__TASK BRIEF__. Nothing but the lines from the one with "For larger capacity, we" through the end of the records may appear in the answer, each reproduced exactly, pictures omitted.

START DATA RECORDS

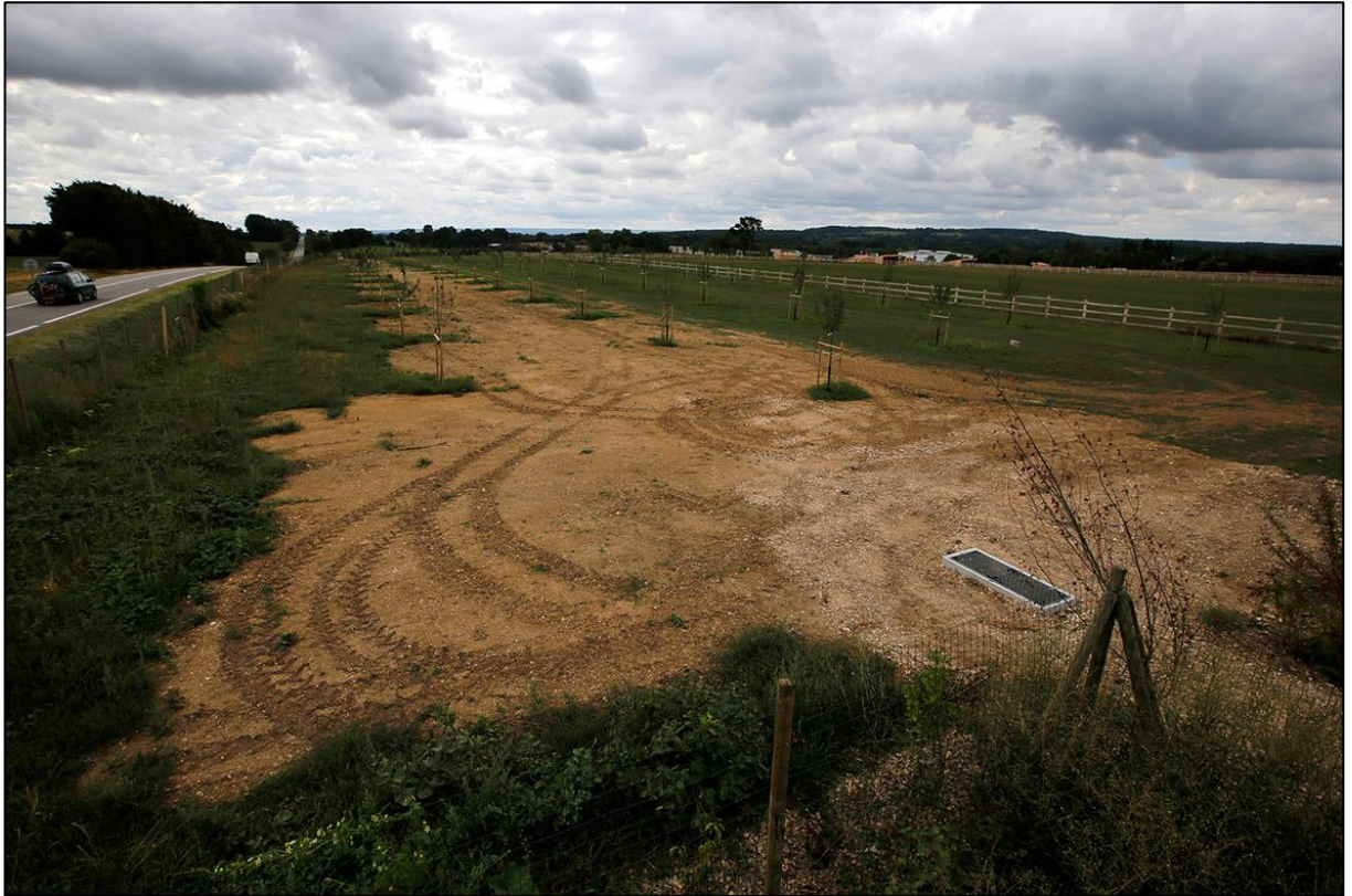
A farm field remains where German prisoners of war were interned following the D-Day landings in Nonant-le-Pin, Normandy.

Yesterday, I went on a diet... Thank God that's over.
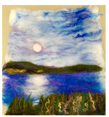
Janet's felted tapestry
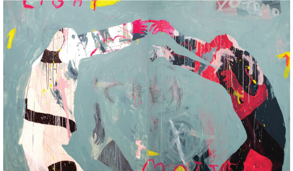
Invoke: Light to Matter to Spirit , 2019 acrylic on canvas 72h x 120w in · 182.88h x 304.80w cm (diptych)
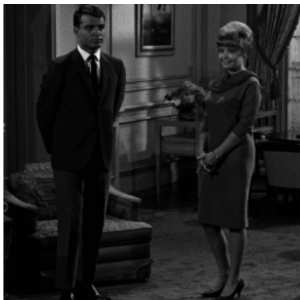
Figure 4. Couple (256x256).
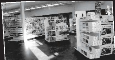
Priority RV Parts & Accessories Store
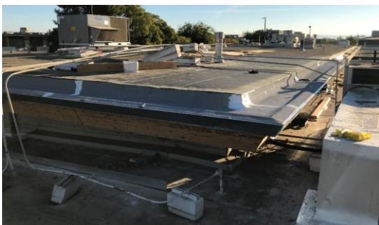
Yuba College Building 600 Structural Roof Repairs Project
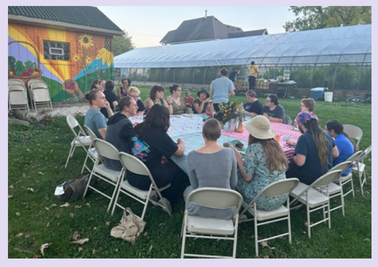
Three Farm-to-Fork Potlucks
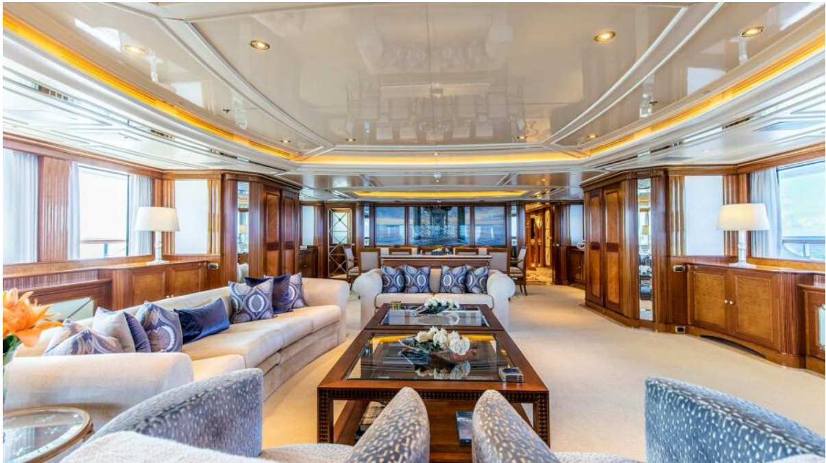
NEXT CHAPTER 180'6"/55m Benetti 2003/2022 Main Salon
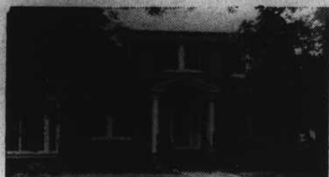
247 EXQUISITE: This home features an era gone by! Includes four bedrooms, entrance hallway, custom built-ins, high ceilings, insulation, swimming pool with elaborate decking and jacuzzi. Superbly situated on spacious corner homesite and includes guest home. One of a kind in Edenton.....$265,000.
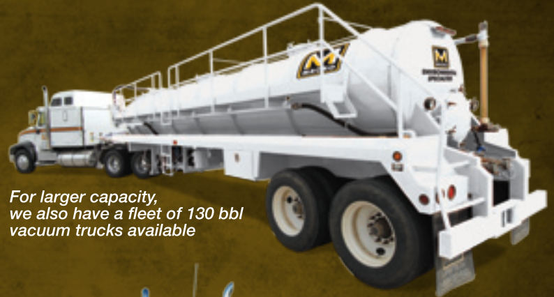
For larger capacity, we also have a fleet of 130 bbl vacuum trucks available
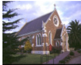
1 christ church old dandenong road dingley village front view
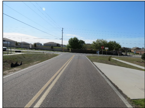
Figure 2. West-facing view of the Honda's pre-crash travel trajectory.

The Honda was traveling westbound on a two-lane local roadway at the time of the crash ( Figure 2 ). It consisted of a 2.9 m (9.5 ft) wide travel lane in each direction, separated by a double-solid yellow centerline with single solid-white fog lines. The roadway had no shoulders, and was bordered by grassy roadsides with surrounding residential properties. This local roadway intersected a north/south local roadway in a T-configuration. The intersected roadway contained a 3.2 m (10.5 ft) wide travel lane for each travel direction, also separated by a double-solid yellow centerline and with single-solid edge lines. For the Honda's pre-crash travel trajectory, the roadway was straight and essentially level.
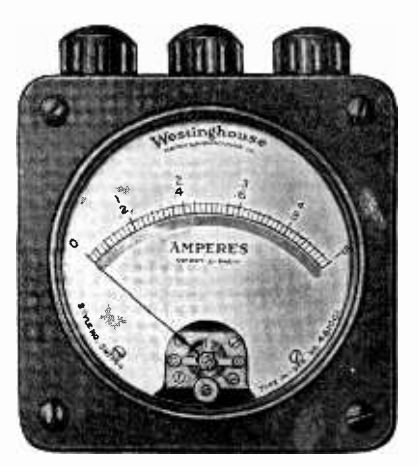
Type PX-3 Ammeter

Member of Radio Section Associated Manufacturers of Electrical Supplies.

END DATA RECORDS

__SOLUTION TO THE EXERCISE__.
For larger capacity, we also have a fleet of 130 bbl vacuum trucks available
1 christ church old dandenong road dingley village front view
Figure 2. West-facing view of the Honda's pre-crash travel trajectory.

The Honda was traveling westbound on a two-lane local roadway at the time of the crash ( Figure 2 ). It consisted of a 2.9 m (9.5 ft) wide travel lane in each direction, separated by a double-solid yellow centerline with single solid-white fog lines. The roadway had no shoulders, and was bordered by grassy roadsides with surrounding residential properties. This local roadway intersected a north/south local roadway in a T-configuration. The intersected roadway contained a 3.2 m (10.5 ft) wide travel lane for each travel direction, also separated by a double-solid yellow centerline and with single-solid edge lines. For the Honda's pre-crash travel trajectory, the roadway was straight and essentially level.
Type PX-3 Ammeter

Member of Radio Section Associated Manufacturers of Electrical Supplies.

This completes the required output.